Dia berbalik menghadap penonton lagi. "Itu semua benar. Tapi itu bukan intinya."

"Intinya," katanya, suaranya kini dipenuhi gairah, "adalah ini." Dia menunjuk ke cahaya di layar. "Ini adalah api matahari itu sendiri. Energi penciptaan. Energi kehidupan. Energi yang sama yang menyinari istana ini dan gubuk-gubuk di Zona-D."

"Selama berabad-abad, kita telah diberitahu bahwa energi itu langka. Bahwa energi itu mahal. Bahwa energi harus dikendalikan." Dia menggelengkan kepalanya. "Itu adalah kebohongan."

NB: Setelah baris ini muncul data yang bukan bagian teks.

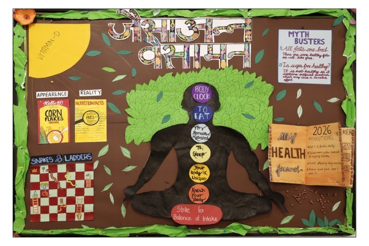 8 Shishyans  from Classes VII and VIII displayed their creativity and understanding of the topic on the Display Board in the OTS. Their creation is a constant reminder to all Shishyans to adopt smart and  healthy eating habits.

"Kebohongan yang diceritakan oleh mereka yang mendapat untung dari kegelapan. Kebohongan yang membuat Maya tetap dalam kedinginan."

Suasana di aula berubah lagi. Empati mulai bercampur dengan ketidaknyamanan. Orang-orang di barisan depan mulai berbisik di antara mereka sendiri. Di belakang panggung, Ethan bisa membayangkan Kenji pingsan.

"Lensa Fraktal mengubah segalanya," kata Ethan. "Teknologi ini—yang didasarkan pada kebijaksanaan kuno yang hampir kita lupakan—tidak *menciptakan* energi. Ia hanya *membuka* pintu ke sumber energi yang tak terbatas dan bersih yang selalu ada di sana, menunggu kita."

Dia berhenti, menatap langsung ke kamera. "Energi seharusnya tidak menjadi komoditas yang diperdagangkan oleh para elit. Energi seharusnya tidak menjadi senjata yang digunakan untuk mengendalikan bangsa-bangsa."

Dia menarik napas dalam-dalam. Inilah saatnya. Titik tanpa harapan untuk kembali.

"Energi," katanya, suaranya bergema di keheningan yang tegang, "**adalah hak asasi manusia.**"

Kata-kata itu menggantung di udara seperti muatan listrik statis. *Hak asasi manusia.* Sebuah konsep yang berbahaya bagi tatanan dunia.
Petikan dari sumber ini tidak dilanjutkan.